EXCLUSIVE NEWSpoetry INTERVIEW WITH HARVARD LAW PROFESSOR
On March 23, 1989, the Exxon Valdez, one of Exxon's largest oil
tankers, under the command of a captain who had been drinking and who
abandoned the bridge, struck a reef and spilled eleven million gallons
of crude oil into the Prince William Sound in Alaska.
"It's none of your business"
In September 1994, an Alaska jury found Exxon liable for punitive
damages for its conduct in causing the oil spill and assessed $5 billion
against the company. The lawsuit was brought by commercial fishermen,
Alaska natives and others directly harmed by the spill.

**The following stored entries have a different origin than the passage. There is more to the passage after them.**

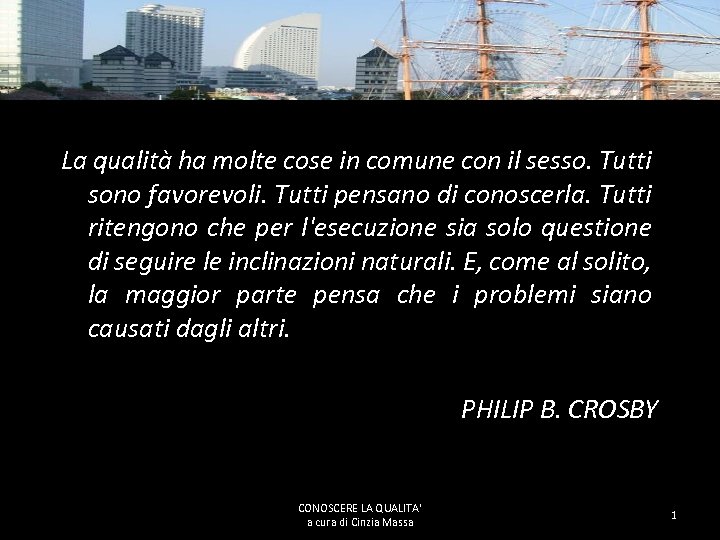La qualità ha molte cose in comune con il sesso. Tutti sono favorevoli. Tutti pensano di conoscerla. Tutti ritengono che per l'esecuzione sia solo questione di seguire le inclinazioni naturali. E, come al solito, la maggior parte pensa che i problemi siano causati dagli altri. PHILIP B. CROSBY CONOSCERE LA QUALITA' a cura di Cinzia Massa 1
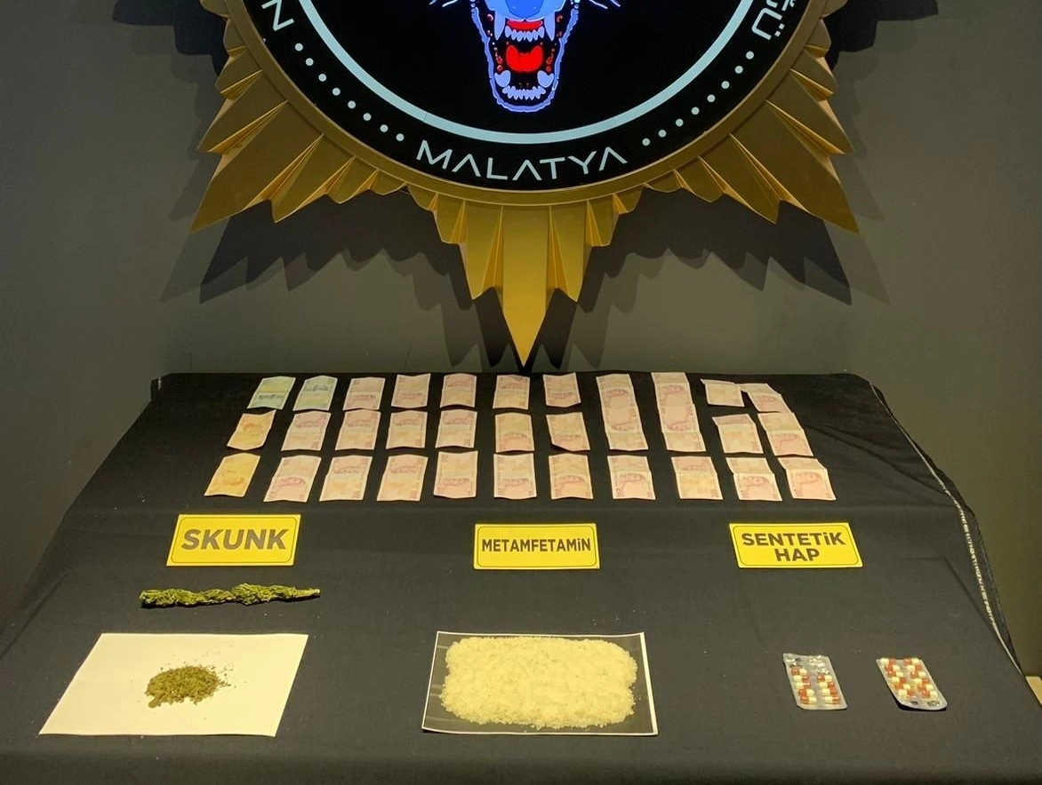 Malatya'da, İl Emniyet Müdürlüğü Narkotik Suçlarla Mücadele Şube Müdürlüğü ve Yeşilyurt İlçe Emniyet Müdürlüğü'ne bağlı Devriye Ekipler Amirliği ekiplerince "torbacı" olarak tabir edilen sokak satıcılarına yönelik operasyon düzenlendi. Operasyonda 308,5 gram metamfetamin maddesi, 1.29 gram skunk maddesi, 21,33 gram esrar maddesi, 9.02 gram esrar maddesi, 25 adet reçete tabi hap ile 6 bin 100 TL para ele geçirildi.
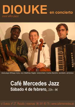 DIOUKE Concierto de Diouke. ¿Cuándo? Fecha Del Saturday, 04 de February del 2012 al Saturday, 04 de February del 2012 HORA 23:00 h ¿Dónde? LUGAR Café Mercedes Jazz Calle Sueca, 27 Ver ficha COOL-AFRO-JAZZ ABDOULAYE N’DIAYE, kora, voz MATTHIEU SAGLIO, violonchelo CARLOS SANCHÍS, acordeón, armónica Artículos relacionados Café Mercedes Jazz
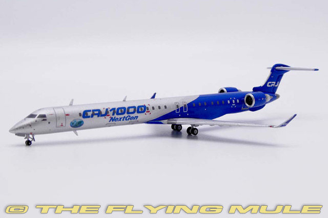 | Bombardier CRJ1000ER | | 3.75" | | 2.5" | Designed as a much larger version of the successful CRJ100 series of Bombardier regional jets, the CRJ700 was first flown on May 27th, 1999. © Copyright 2003-2025 The Flying Mule, Inc. The JC Wings "1:400" range presents higly-detailed, ready-made diecast models of civilian aircraft in 1:400 scale. JC Wings diecast airplanes feature: - Diecast metal construction, including wings and tail surfaces.

"Yes, but it was for different projects that overlap the time period."
"No, the information is not public information."
"Just in 1998."
In the nearly five years since its jury verdict, Exxon has not paid
a penny of the damages. Instead, it has chosen to use an appeals process
to delay and possibly defeat any payment.
"I don't remember that either."
To commemorate the Exxon Valdez oil spill, the world's largest oil
company has decided to ratchet up the corporate attack on punitive damages.
"I have several projects. This is one paper I did, but I'm working
on several other things."
It has just come to our attention that last year, Exxon funded
Harvard Law Professor W. Kip Viscusi to look into the issue of punitive
damages. Viscusi obliged, and wrote an article for the Georgetown Law
Journal advocating the abolition of punitive damages. ("The Social Costs
of Punitive Damages Against Corporations in Environmental and Safety
Torts," by W. Kip Viscusi, 87 Georgetown Law Journal 2(285), November
1998.)
"I don't even know."
In a footnote to the article, Viscusi discloses that the research
for the article was funded in part by "a grant from the Exxon Corporation."